(Beginning of EXERCISE MATERIALS)
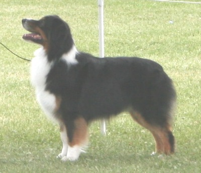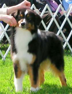 "Simon" (CH. Blue Isles The Critics Are Raving x CH.Terra-Blue Frequent Flyer DNA-CP) ![]() Simon truly epitomizes the all purpose dog. Wether it be the nightly "putting the ducks "to bed", pushing the neighbors cattle back when the fence goes down or helping out as we do chores around the yard, Simon loves to be in the midst of it all. The consummate showman, Simon has inherited the "I'm special gene" that has come down through the generations of his pedigree. With his effortless movement, impeccable foot timing and his ring presence that demands attention, Simon has pointed or reserved every weekend he has been shown. Watching him trot around the yard with his litter mates as a puppy, I would think, "I need a black tri dog like I need a hole in my head". Now, he has matured into the yardstick that we now measure all males to. 3/10/05 WD & BOW for 2 points (AKC) - Marietta, OH 3/11/05 WD & BOW for 2 points (AKC) - Marietta, OH 3/12/05 RWD (AKC) - Marietta, OH 3/25/05 WD, BOW (AKC) - Edison, OH 5/05 RWD (ASCA) - Breeder Judge: Janet White 8/05 WD, BOW & BOS over 4 special dogs - Canfield, OH
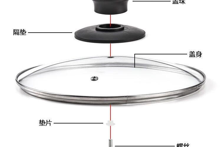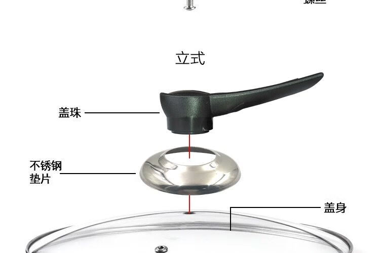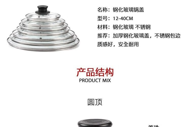 Chaosihui pot lid tempered glass lid stainless steel wok lid pan lid universal wok lid non-stick lid 40cm + round handle
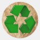 Une simple déclaration vraiment, papier marron effondré avec le symbole de recyclage. Moyen facile de vous rappeler de faire votre part.
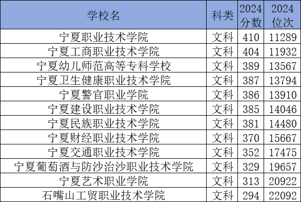 2024年宁夏理科大专院校录取分数线范围在232分~363分之间,宁夏文科大专院校录取分数线范围在294分~410分之间。
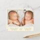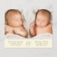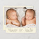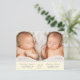 Petit budget pastel jaune garçon ou fille jumeaux photo collage faire-part de naissance avec leur photo, noms, dates d'arrivée et statistiques de naissance dans une typographie simple et moderne. Au contraire, ajoutez trois photos supplémentaires et votre message "accueilli par".
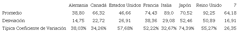 En la Tabla 1 se presentan estadísticas básicas de las series para el último siglo y medio. El Reino Unido e Italia aparecen como las economías con los mayores promedios, del orden del 90%. Les siguen Francia y Japón con cifras entre el 70 y el 75%. El Canadá se asemeja al promedio del G7, los Estados Unidos no alcanzan al 50%, y Alemania se ubica por debajo del 40%.
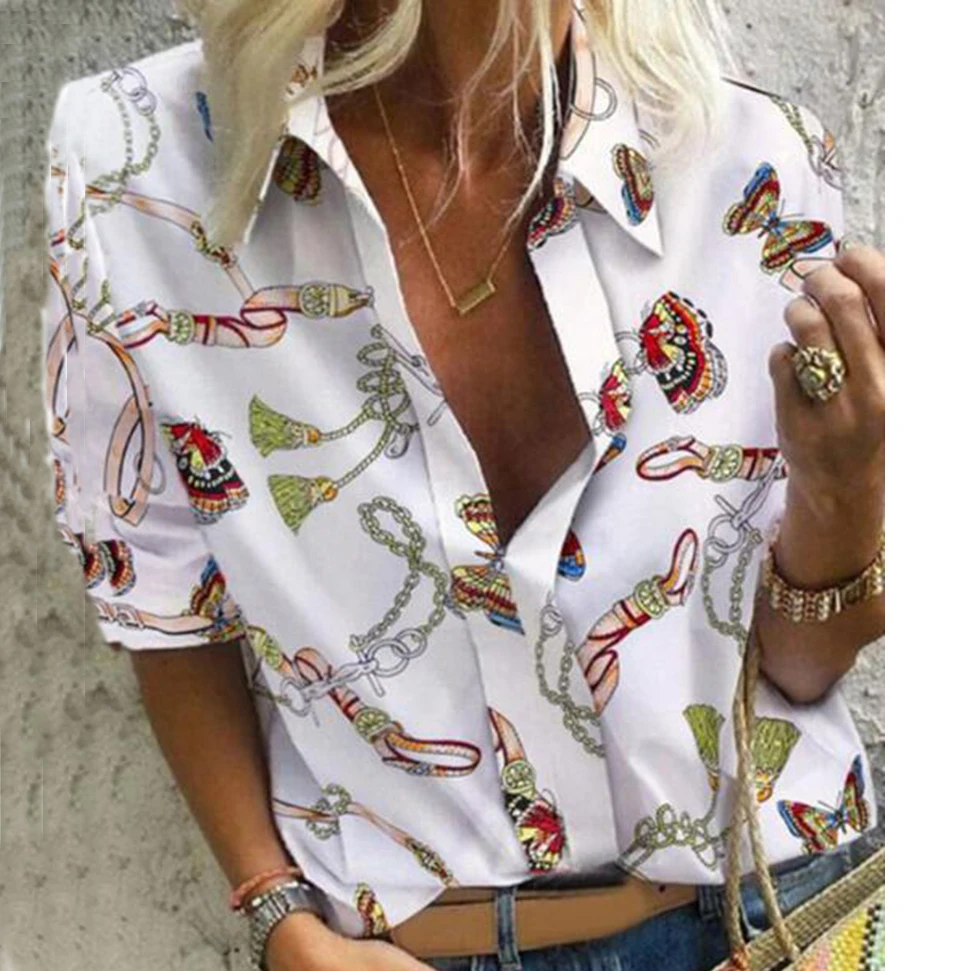 New Chain Print Blouse and Shirt Women Long Sleeve Vintage Shirt Womens Tops and Blouse for Women Plus
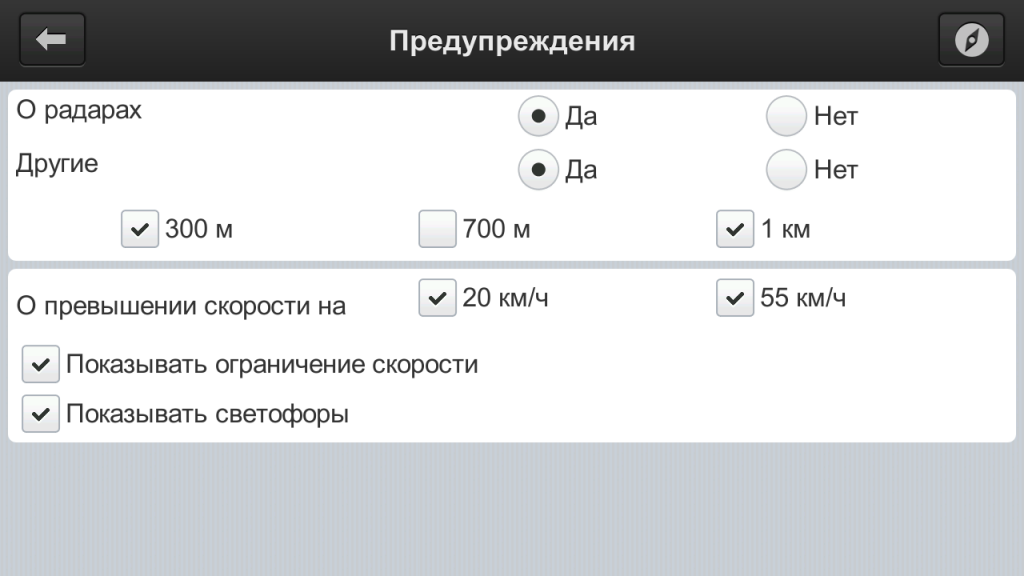 Вот в этом месте она произносит "Камера контроля скорости". До этого говорит "Через 300, (700м, 1 км) метров камера контроля скорости". Камеры реально совпадают . На мой взгляд это несколько удобнее Яндексовской пищалки, которая теринькает неизвестно за сколько и самое главное Яндекс их стока на тыкал в моем районе... (ой мама не горюй - на одном мосту длиной 100 метров аж 4 штуки в одном направлении, 3 штуки на соседних домах на удалении 50 метров от моста, а некоторые даже не показывал, которые были у Рамблера)
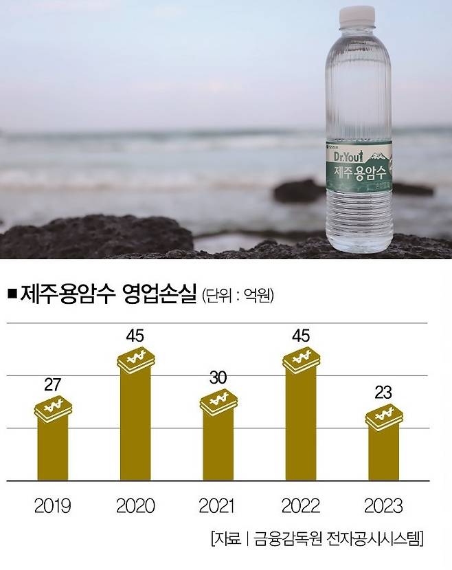 적자 규모도 상당하다. 오리온그룹 자회사이자 제주용암수의 생산업체 '오리온제주용암수'는 2019년(27억원)부터 2023년(23억원)까지 5년 연속 영업손실을 기록했다. 생수시장이 해마다 성장세를 거듭하고 있다는 점을 감안하면, 제주용암수의 부진은 더 도드라진다. 시장조사업체 닐슨코리아에 따르면 국내 생수 시장 규모는 2020년 1조2000억원에서 2조3000억원으로 3년 새 1.9배가 됐다.
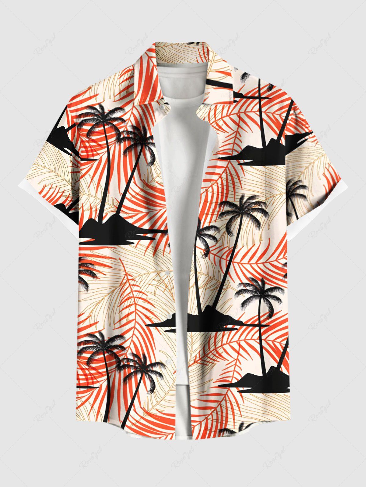 Plus Size Coconut Tree Tropical Leaves Print Hawaii Button Pocket Shirt For Men - S
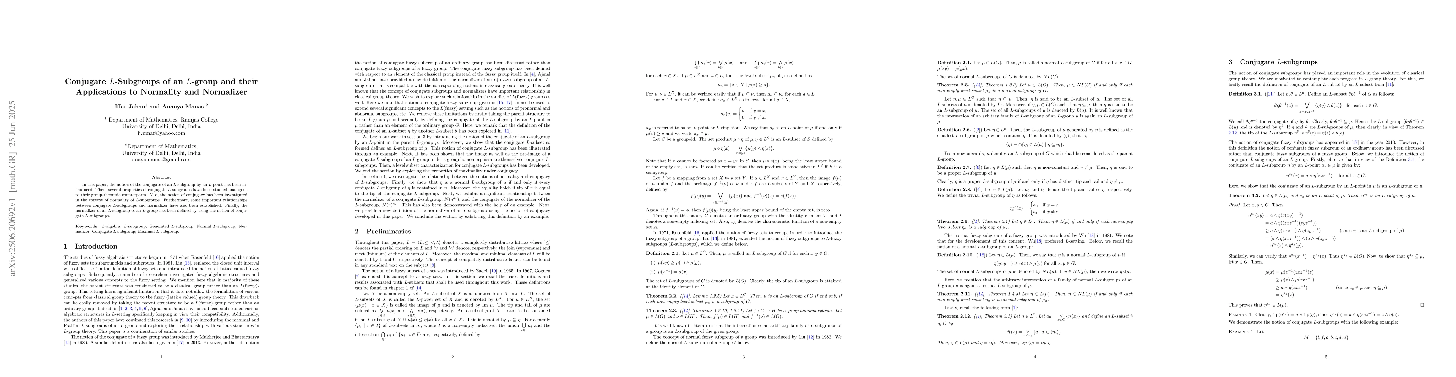 In this paper, the notion of the conjugate of an L-subgroup by an L-point has been introduced. Then, several properties of conjugate L-subgroups have been studied analogous to their group-theoretic counterparts. Also, the notion of conjugacy has been investigated in the context of normality of L-subgroups. Furthermore, some important relationships between conjugate L-subgroups and normalizer have also been established. Finally, the normalizer of an L-subgroup of an L-group has been defined by using the notion of conjugate L-subgroups.
(End of EXERCISE MATERIALS)
Starting at the line with "Вот в этом месте" in the entries above, write out every line exactly until the line with "Plus Size Coconut" has been written. Include no pictures and nothing more.

 Вот в этом месте она произносит "Камера контроля скорости". До этого говорит "Через 300, (700м, 1 км) метров камера контроля скорости". Камеры реально совпадают . На мой взгляд это несколько удобнее Яндексовской пищалки, которая теринькает неизвестно за сколько и самое главное Яндекс их стока на тыкал в моем районе... (ой мама не горюй - на одном мосту длиной 100 метров аж 4 штуки в одном направлении, 3 штуки на соседних домах на удалении 50 метров от моста, а некоторые даже не показывал, которые были у Рамблера)
 적자 규모도 상당하다. 오리온그룹 자회사이자 제주용암수의 생산업체 '오리온제주용암수'는 2019년(27억원)부터 2023년(23억원)까지 5년 연속 영업손실을 기록했다. 생수시장이 해마다 성장세를 거듭하고 있다는 점을 감안하면, 제주용암수의 부진은 더 도드라진다. 시장조사업체 닐슨코리아에 따르면 국내 생수 시장 규모는 2020년 1조2000억원에서 2조3000억원으로 3년 새 1.9배가 됐다.
 Plus Size Coconut Tree Tropical Leaves Print Hawaii Button Pocket Shirt For Men - S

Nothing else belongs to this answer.